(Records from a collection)

::::::

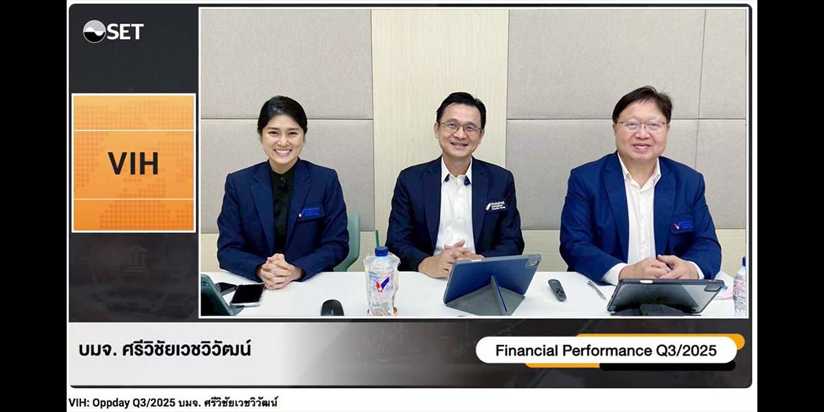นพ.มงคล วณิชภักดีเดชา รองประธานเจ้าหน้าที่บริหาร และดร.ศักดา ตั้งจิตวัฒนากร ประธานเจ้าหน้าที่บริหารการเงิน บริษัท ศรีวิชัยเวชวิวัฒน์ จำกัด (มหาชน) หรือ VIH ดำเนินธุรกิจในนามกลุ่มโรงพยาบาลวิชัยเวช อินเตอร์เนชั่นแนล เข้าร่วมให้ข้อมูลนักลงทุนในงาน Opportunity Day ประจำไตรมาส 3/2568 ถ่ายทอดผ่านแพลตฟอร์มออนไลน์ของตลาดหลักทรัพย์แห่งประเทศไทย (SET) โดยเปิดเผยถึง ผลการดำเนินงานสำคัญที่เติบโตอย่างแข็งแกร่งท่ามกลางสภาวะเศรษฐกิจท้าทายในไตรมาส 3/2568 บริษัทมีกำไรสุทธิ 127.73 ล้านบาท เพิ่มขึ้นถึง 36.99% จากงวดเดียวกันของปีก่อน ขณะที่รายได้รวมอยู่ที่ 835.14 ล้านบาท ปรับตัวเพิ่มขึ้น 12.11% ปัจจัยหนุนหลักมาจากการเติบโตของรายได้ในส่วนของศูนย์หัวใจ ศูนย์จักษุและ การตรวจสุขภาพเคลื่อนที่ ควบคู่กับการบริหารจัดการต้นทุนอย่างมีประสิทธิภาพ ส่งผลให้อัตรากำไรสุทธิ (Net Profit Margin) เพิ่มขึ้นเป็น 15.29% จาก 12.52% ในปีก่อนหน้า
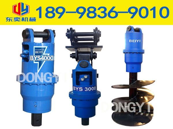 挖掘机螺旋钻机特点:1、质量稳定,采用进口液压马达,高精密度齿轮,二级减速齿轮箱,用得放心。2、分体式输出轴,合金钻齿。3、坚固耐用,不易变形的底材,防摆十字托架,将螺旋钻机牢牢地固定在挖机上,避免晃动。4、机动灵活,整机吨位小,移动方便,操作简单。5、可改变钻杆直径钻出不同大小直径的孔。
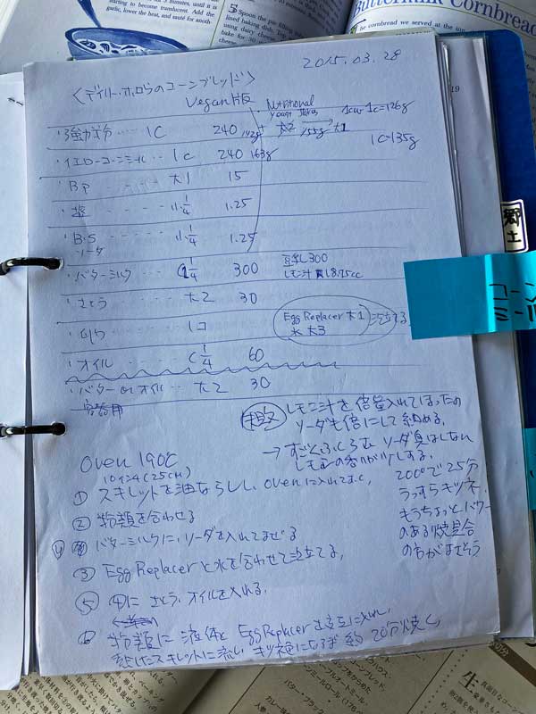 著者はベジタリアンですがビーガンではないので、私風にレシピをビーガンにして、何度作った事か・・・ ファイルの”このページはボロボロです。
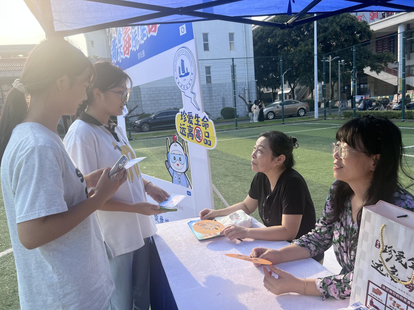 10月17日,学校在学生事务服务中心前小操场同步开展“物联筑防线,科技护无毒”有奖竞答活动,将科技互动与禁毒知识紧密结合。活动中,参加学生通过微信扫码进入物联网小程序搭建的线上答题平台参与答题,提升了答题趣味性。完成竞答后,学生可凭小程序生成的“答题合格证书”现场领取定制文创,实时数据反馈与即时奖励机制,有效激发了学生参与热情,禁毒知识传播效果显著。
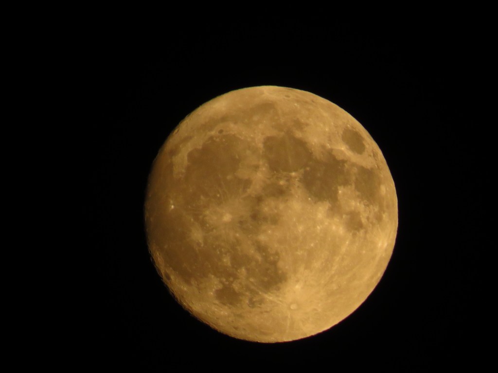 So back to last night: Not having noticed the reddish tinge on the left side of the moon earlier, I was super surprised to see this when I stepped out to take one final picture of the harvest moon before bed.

::::::

**Exercise directions**
Reproduce each line above exactly, but not a single picture.

**Response to this task**
นพ.มงคล วณิชภักดีเดชา รองประธานเจ้าหน้าที่บริหาร และดร.ศักดา ตั้งจิตวัฒนากร ประธานเจ้าหน้าที่บริหารการเงิน บริษัท ศรีวิชัยเวชวิวัฒน์ จำกัด (มหาชน) หรือ VIH ดำเนินธุรกิจในนามกลุ่มโรงพยาบาลวิชัยเวช อินเตอร์เนชั่นแนล เข้าร่วมให้ข้อมูลนักลงทุนในงาน Opportunity Day ประจำไตรมาส 3/2568 ถ่ายทอดผ่านแพลตฟอร์มออนไลน์ของตลาดหลักทรัพย์แห่งประเทศไทย (SET) โดยเปิดเผยถึง ผลการดำเนินงานสำคัญที่เติบโตอย่างแข็งแกร่งท่ามกลางสภาวะเศรษฐกิจท้าทายในไตรมาส 3/2568 บริษัทมีกำไรสุทธิ 127.73 ล้านบาท เพิ่มขึ้นถึง 36.99% จากงวดเดียวกันของปีก่อน ขณะที่รายได้รวมอยู่ที่ 835.14 ล้านบาท ปรับตัวเพิ่มขึ้น 12.11% ปัจจัยหนุนหลักมาจากการเติบโตของรายได้ในส่วนของศูนย์หัวใจ ศูนย์จักษุและ การตรวจสุขภาพเคลื่อนที่ ควบคู่กับการบริหารจัดการต้นทุนอย่างมีประสิทธิภาพ ส่งผลให้อัตรากำไรสุทธิ (Net Profit Margin) เพิ่มขึ้นเป็น 15.29% จาก 12.52% ในปีก่อนหน้า
 挖掘机螺旋钻机特点:1、质量稳定,采用进口液压马达,高精密度齿轮,二级减速齿轮箱,用得放心。2、分体式输出轴,合金钻齿。3、坚固耐用,不易变形的底材,防摆十字托架,将螺旋钻机牢牢地固定在挖机上,避免晃动。4、机动灵活,整机吨位小,移动方便,操作简单。5、可改变钻杆直径钻出不同大小直径的孔。
 著者はベジタリアンですがビーガンではないので、私風にレシピをビーガンにして、何度作った事か・・・ ファイルの”このページはボロボロです。
 10月17日,学校在学生事务服务中心前小操场同步开展“物联筑防线,科技护无毒”有奖竞答活动,将科技互动与禁毒知识紧密结合。活动中,参加学生通过微信扫码进入物联网小程序搭建的线上答题平台参与答题,提升了答题趣味性。完成竞答后,学生可凭小程序生成的“答题合格证书”现场领取定制文创,实时数据反馈与即时奖励机制,有效激发了学生参与热情,禁毒知识传播效果显著。
 So back to last night: Not having noticed the reddish tinge on the left side of the moon earlier, I was super surprised to see this when I stepped out to take one final picture of the harvest moon before bed.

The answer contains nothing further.